4. You need personalization at scale: Netflix recommendations for 200M users. You can’t write rules for each person, but ML can learn individual preferences.
Rules Win When…
1. The logic is simple and well-defined: Tax calculations, unit conversions, sorting algorithms. A formula or if-else chain is clearer, faster, and guaranteed correct.

2. You need 100% explainability: Medical dosing, legal compliance, safety-critical systems. “The model said so” isn’t acceptable when lives are at stake.

3. You have very little data: ML needs hundreds to millions of examples. With 10 data points, a domain expert writing rules will outperform any model.
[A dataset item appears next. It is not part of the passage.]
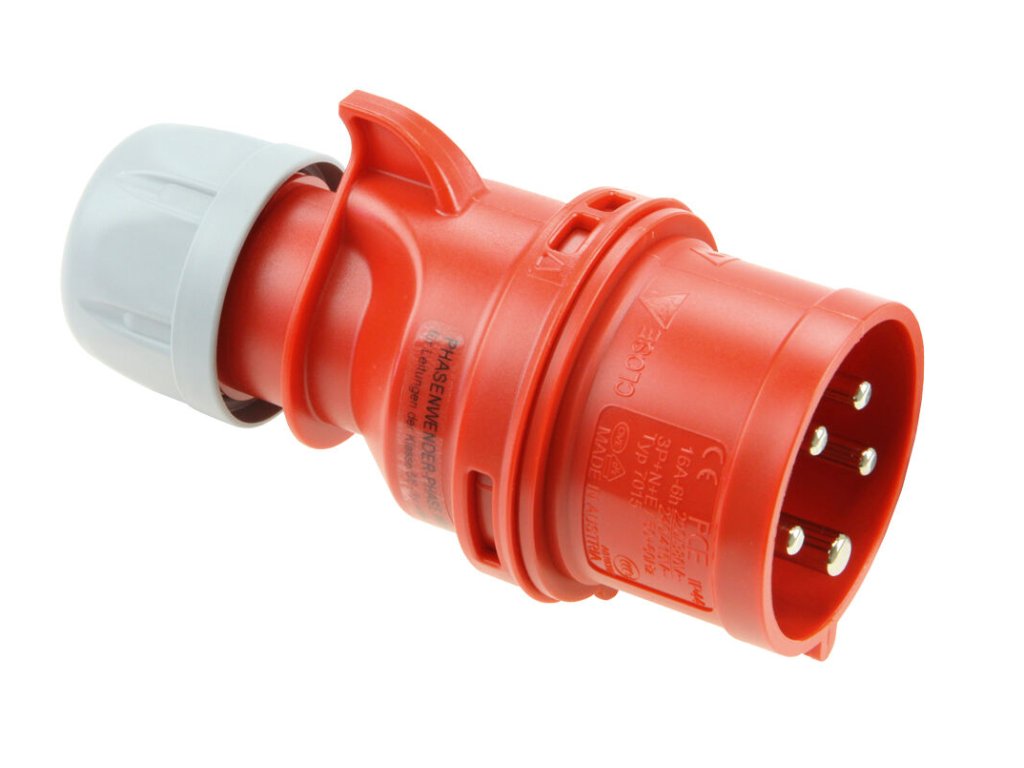 vidlice 5-pólová, 32A / 380V, krytí IP 44, s měničem fáze, dlouhý vývod

4. The cost of errors is asymmetric and extreme: Nuclear reactor control, aircraft autopilot. A 99.9% accurate model still fails 1 in 1,000 times.
The Decision Checklist
Use ML if ALL of these are true: ✓ Pattern exists in the data ✓ You can't write the rules explicitly ✓ You have enough labeled data (or can get it) ✓ The pattern is relatively stable (or you can retrain) ✓ Approximate answers are acceptable Use rules/heuristics if ANY of these are true: ✓ Logic is simple and well-defined ✓ You have fewer than ~100 examples ✓ 100% correctness is required ✓ Full explainability is legally required ✓ The problem doesn't change over time
Key insight: ML is a power tool, not a magic wand. A chainsaw is amazing for cutting trees but terrible for brain surgery. The best engineers know when to reach for ML and when a simple if-else statement is the right answer. In practice, most production systems use both: rules for the easy cases, ML for the hard ones.